**How to complete this task:**
Up to and including the line that contains "Premišljena ergonomska oblika", repeat the entries below exactly from the first line on. Do not carry over any pictures.

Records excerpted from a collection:

——————

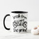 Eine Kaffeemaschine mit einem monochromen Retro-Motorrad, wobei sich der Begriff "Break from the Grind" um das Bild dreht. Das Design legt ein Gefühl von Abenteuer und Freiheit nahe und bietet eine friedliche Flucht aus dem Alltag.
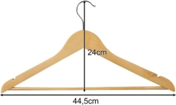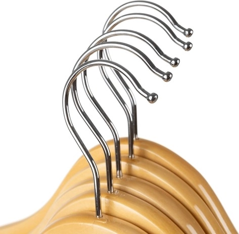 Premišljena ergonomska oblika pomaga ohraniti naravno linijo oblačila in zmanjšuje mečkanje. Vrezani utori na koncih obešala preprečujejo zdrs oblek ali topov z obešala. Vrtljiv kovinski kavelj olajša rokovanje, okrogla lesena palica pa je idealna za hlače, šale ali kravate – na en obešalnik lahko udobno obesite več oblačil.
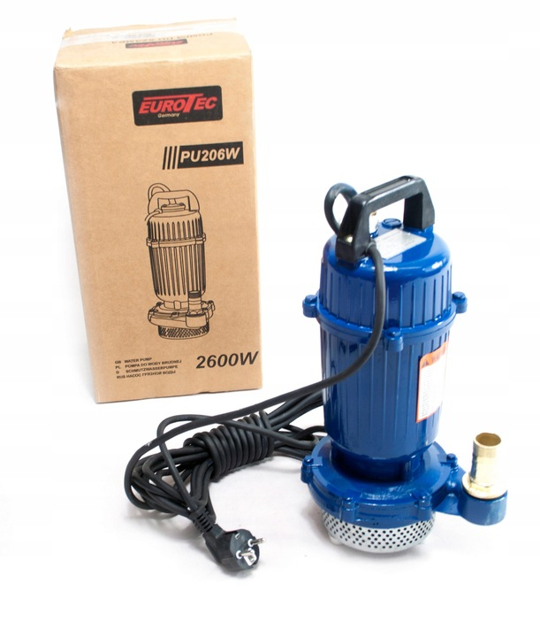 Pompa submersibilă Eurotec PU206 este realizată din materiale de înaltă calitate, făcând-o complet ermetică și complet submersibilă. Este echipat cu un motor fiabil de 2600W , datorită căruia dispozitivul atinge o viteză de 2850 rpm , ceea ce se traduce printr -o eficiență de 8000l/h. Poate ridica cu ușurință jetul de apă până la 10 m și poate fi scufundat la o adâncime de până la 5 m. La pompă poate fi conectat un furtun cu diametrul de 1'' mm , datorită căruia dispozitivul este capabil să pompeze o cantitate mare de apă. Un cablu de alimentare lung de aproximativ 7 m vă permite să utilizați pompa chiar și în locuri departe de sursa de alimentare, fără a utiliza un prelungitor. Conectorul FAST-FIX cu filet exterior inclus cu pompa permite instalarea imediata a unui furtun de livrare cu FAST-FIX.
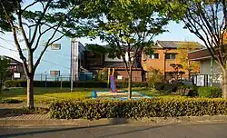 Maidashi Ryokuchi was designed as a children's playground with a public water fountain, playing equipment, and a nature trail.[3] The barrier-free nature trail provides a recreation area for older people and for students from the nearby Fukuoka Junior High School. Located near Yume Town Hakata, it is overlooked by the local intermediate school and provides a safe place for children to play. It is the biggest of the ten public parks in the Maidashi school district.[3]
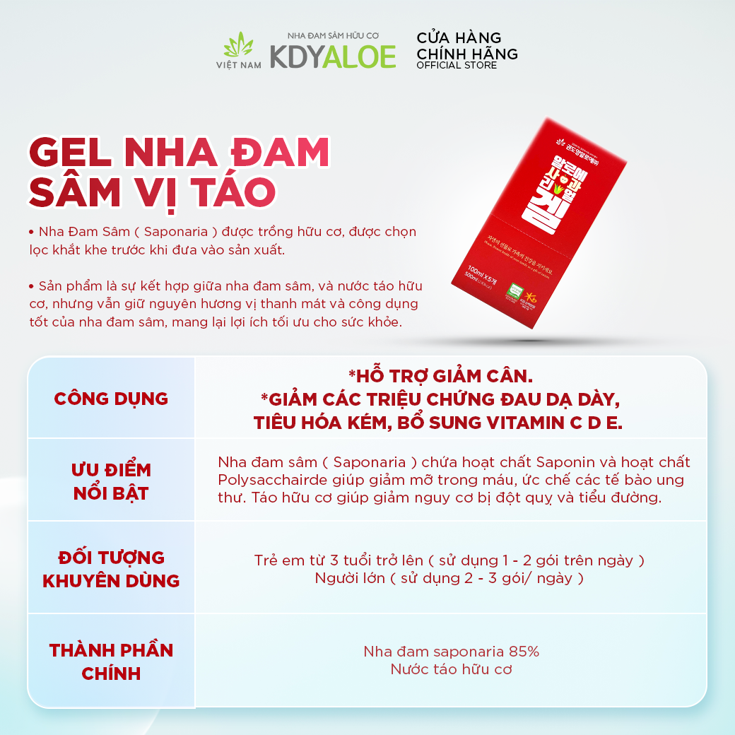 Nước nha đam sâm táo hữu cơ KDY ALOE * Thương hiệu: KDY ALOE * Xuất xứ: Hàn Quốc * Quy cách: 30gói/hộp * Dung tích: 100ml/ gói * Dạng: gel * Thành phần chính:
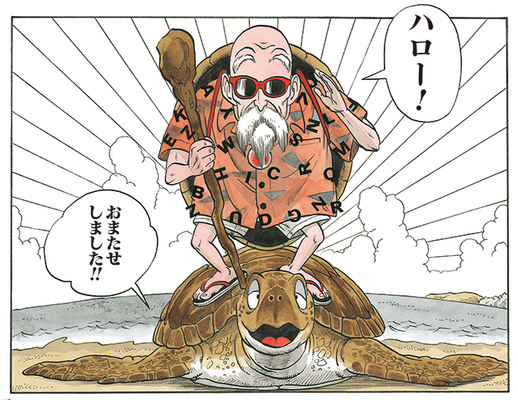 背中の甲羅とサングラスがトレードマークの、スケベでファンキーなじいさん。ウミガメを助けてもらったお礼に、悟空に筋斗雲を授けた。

——————

**Exercise output:**
 Eine Kaffeemaschine mit einem monochromen Retro-Motorrad, wobei sich der Begriff "Break from the Grind" um das Bild dreht. Das Design legt ein Gefühl von Abenteuer und Freiheit nahe und bietet eine friedliche Flucht aus dem Alltag.
 Premišljena ergonomska oblika pomaga ohraniti naravno linijo oblačila in zmanjšuje mečkanje. Vrezani utori na koncih obešala preprečujejo zdrs oblek ali topov z obešala. Vrtljiv kovinski kavelj olajša rokovanje, okrogla lesena palica pa je idealna za hlače, šale ali kravate – na en obešalnik lahko udobno obesite več oblačil.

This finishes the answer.